**WORK INSTRUCTION**
An exact transcription is needed of the lines below from the one with "On your right, enter" through the one with "새벽 해뜰녁 노련한 선장이", with no other lines and no pictures.

MATERIAL PROVIDED Block Start

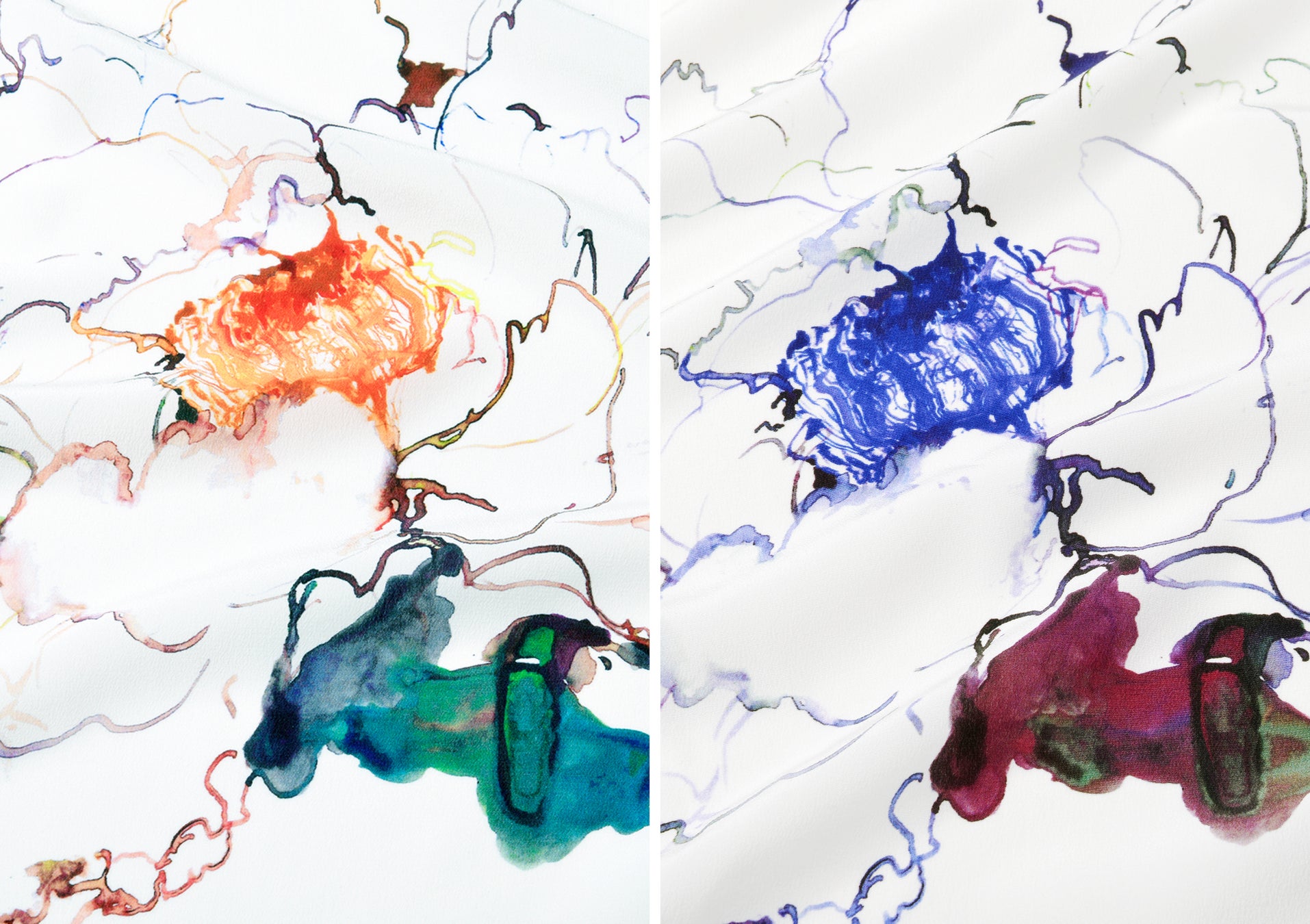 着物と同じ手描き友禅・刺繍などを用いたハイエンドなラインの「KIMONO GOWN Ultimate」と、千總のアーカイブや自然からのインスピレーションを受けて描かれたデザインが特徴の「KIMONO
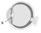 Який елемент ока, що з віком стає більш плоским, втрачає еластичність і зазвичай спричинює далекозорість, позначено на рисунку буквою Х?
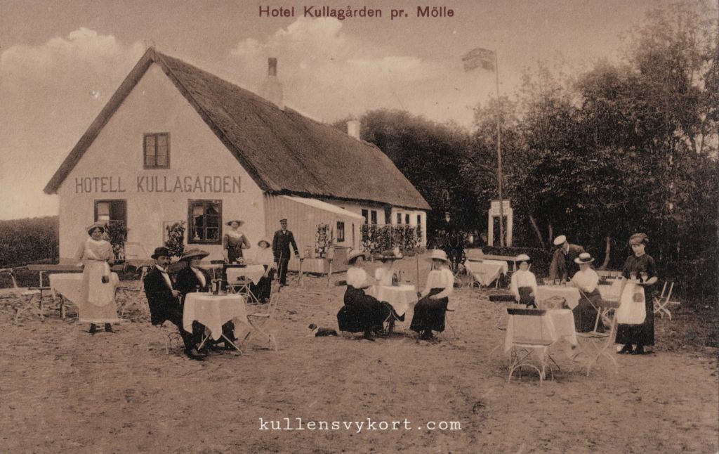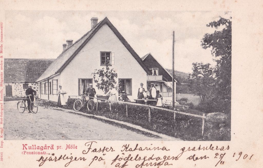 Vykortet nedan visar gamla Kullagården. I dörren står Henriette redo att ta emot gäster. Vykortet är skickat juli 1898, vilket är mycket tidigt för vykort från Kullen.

MATERIAL PROVIDED Block End
MATERIAL PROVIDED Block Start

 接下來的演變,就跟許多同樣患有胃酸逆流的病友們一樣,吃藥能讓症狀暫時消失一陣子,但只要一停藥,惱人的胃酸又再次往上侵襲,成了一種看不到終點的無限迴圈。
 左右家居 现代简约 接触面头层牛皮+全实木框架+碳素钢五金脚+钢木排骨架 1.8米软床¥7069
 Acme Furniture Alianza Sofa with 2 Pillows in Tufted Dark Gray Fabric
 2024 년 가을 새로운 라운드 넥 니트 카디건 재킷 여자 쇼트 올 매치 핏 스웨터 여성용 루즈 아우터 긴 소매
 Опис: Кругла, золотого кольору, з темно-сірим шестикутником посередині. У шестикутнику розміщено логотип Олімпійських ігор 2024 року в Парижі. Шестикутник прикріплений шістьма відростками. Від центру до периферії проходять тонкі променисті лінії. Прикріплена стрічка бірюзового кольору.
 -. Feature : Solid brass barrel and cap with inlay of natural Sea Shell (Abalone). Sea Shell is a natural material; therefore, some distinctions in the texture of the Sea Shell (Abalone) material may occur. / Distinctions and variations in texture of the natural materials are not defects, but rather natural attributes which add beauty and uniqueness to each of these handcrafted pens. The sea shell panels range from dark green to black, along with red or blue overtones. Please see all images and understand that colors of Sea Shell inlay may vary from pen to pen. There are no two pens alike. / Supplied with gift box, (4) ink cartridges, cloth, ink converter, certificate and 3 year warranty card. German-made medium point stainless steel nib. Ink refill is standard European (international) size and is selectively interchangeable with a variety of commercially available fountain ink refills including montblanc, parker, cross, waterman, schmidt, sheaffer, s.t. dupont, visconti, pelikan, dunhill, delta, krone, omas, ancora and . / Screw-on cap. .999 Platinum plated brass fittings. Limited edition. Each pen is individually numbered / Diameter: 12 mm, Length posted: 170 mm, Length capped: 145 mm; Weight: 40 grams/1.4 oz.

MATERIAL PROVIDED Block End
MATERIAL PROVIDED Block Start

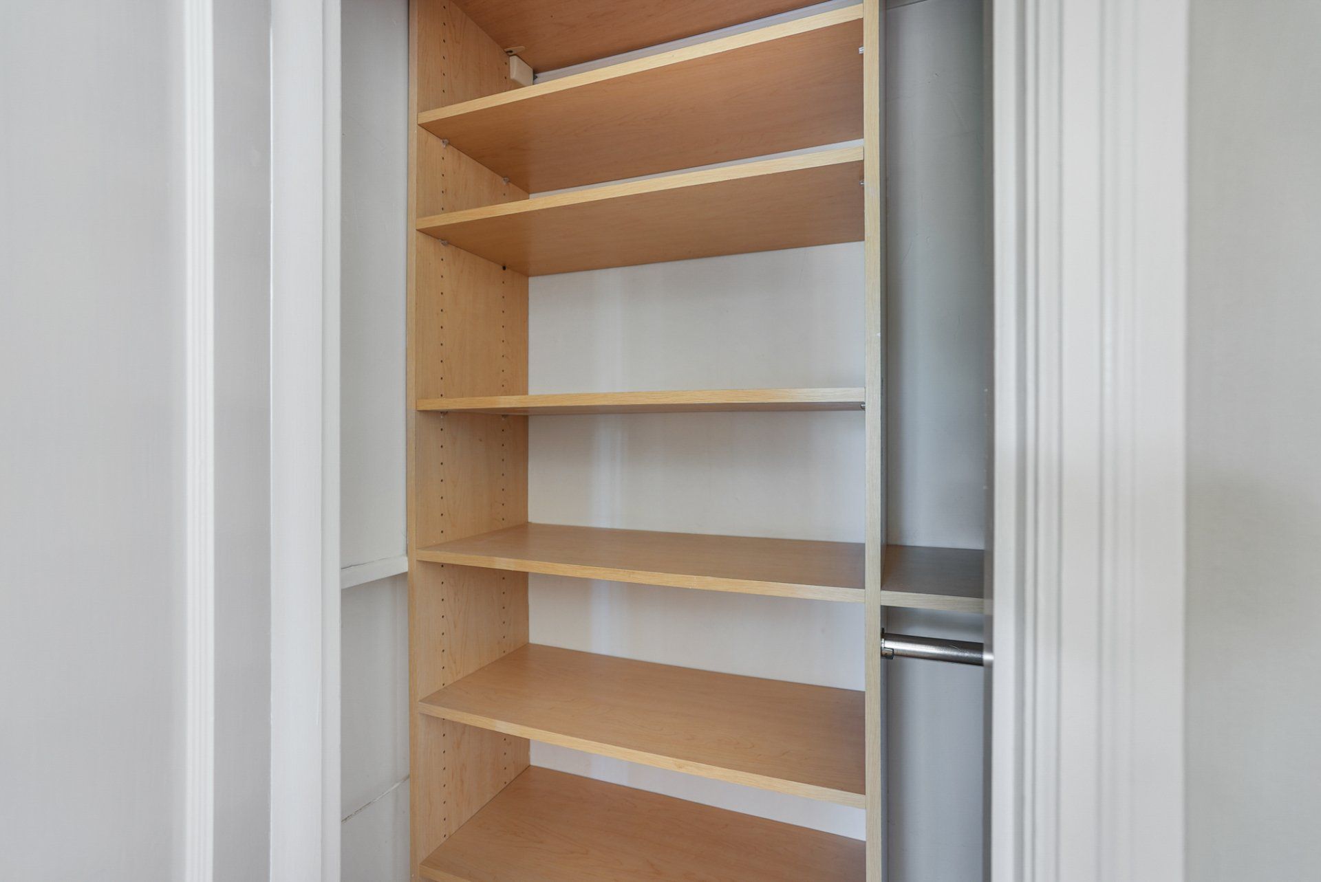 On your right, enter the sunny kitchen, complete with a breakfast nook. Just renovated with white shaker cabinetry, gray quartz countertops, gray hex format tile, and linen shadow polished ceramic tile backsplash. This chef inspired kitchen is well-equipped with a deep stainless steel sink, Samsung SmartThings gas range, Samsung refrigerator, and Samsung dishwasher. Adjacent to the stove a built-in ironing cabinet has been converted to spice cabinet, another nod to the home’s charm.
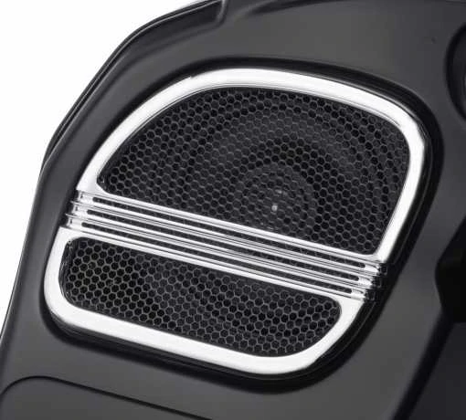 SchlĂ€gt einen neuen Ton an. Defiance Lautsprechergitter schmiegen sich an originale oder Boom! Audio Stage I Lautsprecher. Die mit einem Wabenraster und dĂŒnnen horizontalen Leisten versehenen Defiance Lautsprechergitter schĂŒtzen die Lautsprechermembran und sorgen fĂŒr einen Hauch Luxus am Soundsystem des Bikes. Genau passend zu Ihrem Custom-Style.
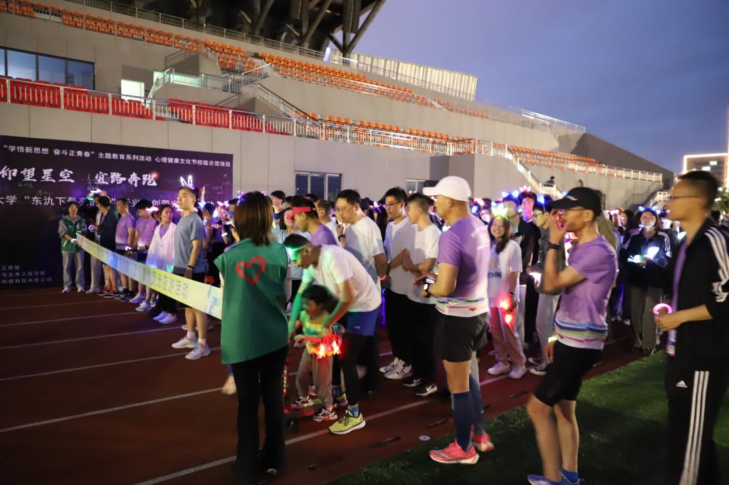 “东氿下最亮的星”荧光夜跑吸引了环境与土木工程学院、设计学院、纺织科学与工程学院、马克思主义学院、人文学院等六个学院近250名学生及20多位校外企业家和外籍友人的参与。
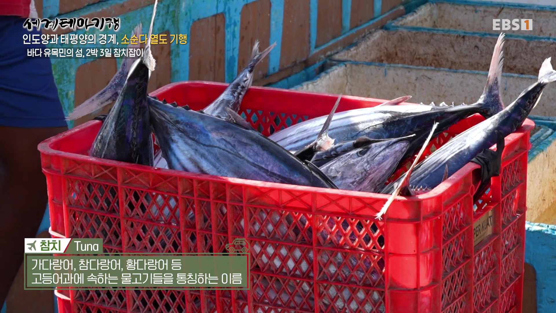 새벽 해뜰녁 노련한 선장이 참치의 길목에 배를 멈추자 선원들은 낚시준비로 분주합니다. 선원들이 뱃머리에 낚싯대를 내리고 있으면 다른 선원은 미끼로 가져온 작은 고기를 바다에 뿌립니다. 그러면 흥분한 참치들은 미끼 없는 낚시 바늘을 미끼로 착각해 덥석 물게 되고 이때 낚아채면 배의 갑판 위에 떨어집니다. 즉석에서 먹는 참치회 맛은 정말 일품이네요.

MATERIAL PROVIDED Block End

**RESULT FOR THIS TASK**
 On your right, enter the sunny kitchen, complete with a breakfast nook. Just renovated with white shaker cabinetry, gray quartz countertops, gray hex format tile, and linen shadow polished ceramic tile backsplash. This chef inspired kitchen is well-equipped with a deep stainless steel sink, Samsung SmartThings gas range, Samsung refrigerator, and Samsung dishwasher. Adjacent to the stove a built-in ironing cabinet has been converted to spice cabinet, another nod to the home’s charm.
 SchlĂ€gt einen neuen Ton an. Defiance Lautsprechergitter schmiegen sich an originale oder Boom! Audio Stage I Lautsprecher. Die mit einem Wabenraster und dĂŒnnen horizontalen Leisten versehenen Defiance Lautsprechergitter schĂŒtzen die Lautsprechermembran und sorgen fĂŒr einen Hauch Luxus am Soundsystem des Bikes. Genau passend zu Ihrem Custom-Style.
 “东氿下最亮的星”荧光夜跑吸引了环境与土木工程学院、设计学院、纺织科学与工程学院、马克思主义学院、人文学院等六个学院近250名学生及20多位校外企业家和外籍友人的参与。
 새벽 해뜰녁 노련한 선장이 참치의 길목에 배를 멈추자 선원들은 낚시준비로 분주합니다. 선원들이 뱃머리에 낚싯대를 내리고 있으면 다른 선원은 미끼로 가져온 작은 고기를 바다에 뿌립니다. 그러면 흥분한 참치들은 미끼 없는 낚시 바늘을 미끼로 착각해 덥석 물게 되고 이때 낚아채면 배의 갑판 위에 떨어집니다. 즉석에서 먹는 참치회 맛은 정말 일품이네요.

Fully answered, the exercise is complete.